Saw Rocky Balboa, I was very impressed with the staff and managment at the theater. They allowed my son to find me in the theater, when we missed each other outside. Now, we need another Bridge at 19th and Walnut. Enough with this foolishness, and rescreen Center City. With our resturants, hotels, and convention center. The Riverveiw and Pearl are too far away, when vistors want to see a film. I would not want the Riverveiw to represent Philadelphia, no way!!!!
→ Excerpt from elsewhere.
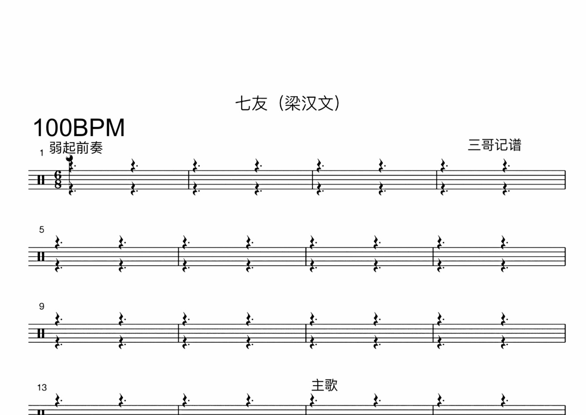 《七友》是梁汉文演唱的一首歌曲,这份鼓谱共有五张高清图谱,图谱由 @打鼓谱 编配上传,图谱使用五线谱编配,使用这份七友架子鼓谱,你将能够轻松地敲打出这首梁汉文的七友,快来尝试吧。《七友》是香港歌手梁汉文演唱的一首粤语歌曲,由林夕作词,雷颂德作曲,收录在梁汉文2003年5月16日发行的专辑《10号》。
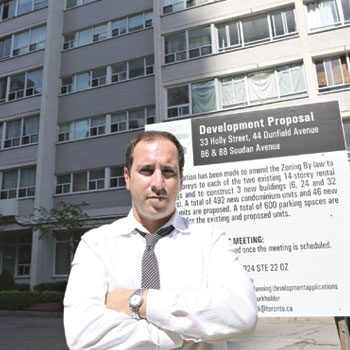 In what Coun. Josh Matlow calls, “simply the worst infill development I have seen in four years,” Compten Management Inc. is proposing to place five-storey condo additions on top of two 14-storey apartment buildings at 33 Holly St. and 44 Dunfield Ave.

ScottWeinberg on August 28, 2006 at 8:23 am

One of the best movie theaters in all of Philadelphia. I don’t get down that way very often, but I’m a big fan of The Bridge.

FeverDog on August 19, 2006 at 7:01 pm

Saw “World Trade Center” here last week and was pleased to see ushers patrolling the theatre.

And I like that’s there’s a bar to get one’s buzz on.

Two reasons this beats the ghastly Riverview.

John Fink
John Fink on May 29, 2005 at 3:27 pm

Actually The Bridge: Cinema de Lux is a joint venture between Cinebridge Inc (which also opperates the Kino Star Line), they are National Amusements and some venture company. This location was set to be the first “Sundance Cinema” – it orginaly intended to offer a 7th screen in the basement.

This is one of my favorite places to chill when I’m in Philadelphia, the classiest movie theatre on this coast- it proves once again that National Amusements knows how to run a theatre.

Michael R. Rambo Jr.
Michael R. Rambo Jr. on March 20, 2005 at 6:16 pm

The mailing address is 230 S. 40th Street.